When Enabled: - Intermediate results cached to cache/ directory - Uses Parquet format with LZ4 compression - Automatic cache key generation based on config - Typical cache hit rates: ≥85% after first run - Reduces re-computation time by 60-80%

When to Enable: - Iterating on ML models with same data - Running multiple experiments with same base config - Working with large datasets (>5M rows)

When to Disable: - One-off experiments - Testing caching infrastructure itself - Disk space constraints - Ensuring fresh computation

Cache Directory Structure:

cache/
├── data_gatherer/
│   └── {config_hash}_raw.parquet
├── large_cleaner/
│   └── {config_hash}_cleaned.parquet
├── train_test_split/
│   ├── {config_hash}_train.parquet
│   └── {config_hash}_test.parquet
└── attacks/
    ├── {config_hash}_train_attacked.parquet
    └── {config_hash}_test_attacked.parquet


Attack Types Reference

1. rand_offset - Random Position Offset

Description: Each message from attacker vehicles has a random position offset applied. Different offset for each message.

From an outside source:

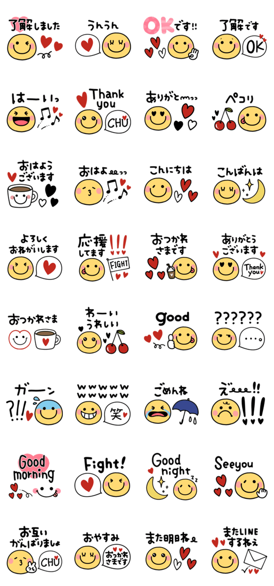 みんなが使える表情豊かなスマイル日常会話♡ /かわいい/ハート多めで大人可愛いデカ文字スタンプです。
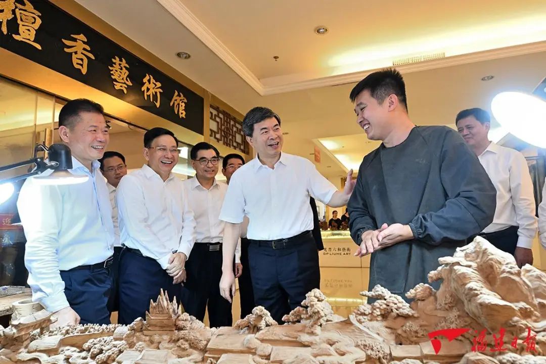 以木为纸、刀为笔,仙游县是知名“仙作”古典家具发源地。如何推动传统特色工艺美术产业转型升级、创新发展?周祖翼来到三福集团,询问古典家具产业发展现状和企业近年来销售经营、创新开发、人才培养等情况,与正在精雕细琢的雕刻师交流,饶有兴致地了解“仙作”技艺特点,并叮嘱他们在埋头创作的同时要注意保重身体。周祖翼希望企业要坚守主业,做大做强品牌,不断开拓新领域、新市场;要大力推广非遗技艺文化,把这门手艺一代一代传承下去、发扬光大。得益于丰富的工艺美术产业资源,仙游抖音电商直播基地蓬勃发展,今年前三季度商家网络销售额达48亿元,在全国同类基地名列前茅。周祖翼走进基地数字展厅,听取了解电商行业运营情况,希望当地着力发展直播电商等新业态,加快产业数字化转型,为实体经济插上数字翅膀,让古典家具工艺焕发新生。莆田木雕兴于唐宋、盛于明清,崛起于当代。在春晖木雕艺术馆,周祖翼与非遗传承人深入交流,强调要注重非物质文化遗产的保护传承,加大对传统技艺的弘扬创新,加强文化遗产保护人才的培养,为推动中华优秀传统文化创造性转化、创新性发展作出福建贡献。周祖翼还调研了仙游千亿级新能源新材料产业园建设现场。

Use Case: Simulates GPS jamming or sensor noise attacks.

Required Parameters: - min_distance (number): Minimum offset in meters - max_distance (number): Maximum offset in meters

Example:

"attacks": {
  "enabled": true,
  "attack_ratio": 0.3,
  "type": "rand_offset",
  "min_distance": 10,
  "max_distance": 20,
  "random_seed": 42
}

Typical Values: - Light attack: min: 10, max: 20 (10-20m offset) - Moderate attack: min: 50, max: 100 (50-100m offset) - Severe attack: min: 100, max: 200 (100-200m offset)


2. const_offset_per_id - Constant Offset Per Vehicle

Description: Each attacker vehicle has a fixed offset applied to all messages. Different vehicles get different offsets.

Use Case: Simulates miscalibrated sensors or systematic position bias.

Required Parameters: - min_distance (number): Minimum offset in meters - max_distance (number): Maximum offset in meters

Example:

"attacks": {
  "enabled": true,
  "attack_ratio": 0.3,
  "type": "const_offset_per_id",
  "min_distance": 100,
  "max_distance": 200,
  "random_seed": 42
}

Typical Values: - Moderate attack: min: 50, max: 100 (50-100m offset) - Severe attack: min: 100, max: 200 (100-200m offset) - Extreme attack: min: 200, max: 500 (200-500m offset)

Offset Selection: Each vehicle's offset is randomly chosen once from [min_distance, max_distance] range and applied consistently to all messages from that vehicle.


3. rand_position - Random Position Within Area

Description: Attacker positions are completely randomized within the filtered area, ignoring actual vehicle positions.

Use Case: Simulates Sybil attacks or complete position spoofing.

Required Parameters: - min_distance (number): Minimum radius from center (typically 0) - max_distance (number): Maximum radius from center (matches filtering distance)

Example:

"attacks": {
  "enabled": true,
  "attack_ratio": 0.3,
  "type": "rand_position",
  "min_distance": 0,
  "max_distance": 2000,
  "random_seed": 42
}

Typical Configuration: - Set max_distance to match data.filtering.distance_meters - Results in uniformly distributed fake positions - Most aggressive attack type


4. position_swap - Swap Positions Between Vehicles

Description: Attacker vehicles are paired up and swap positions with each other.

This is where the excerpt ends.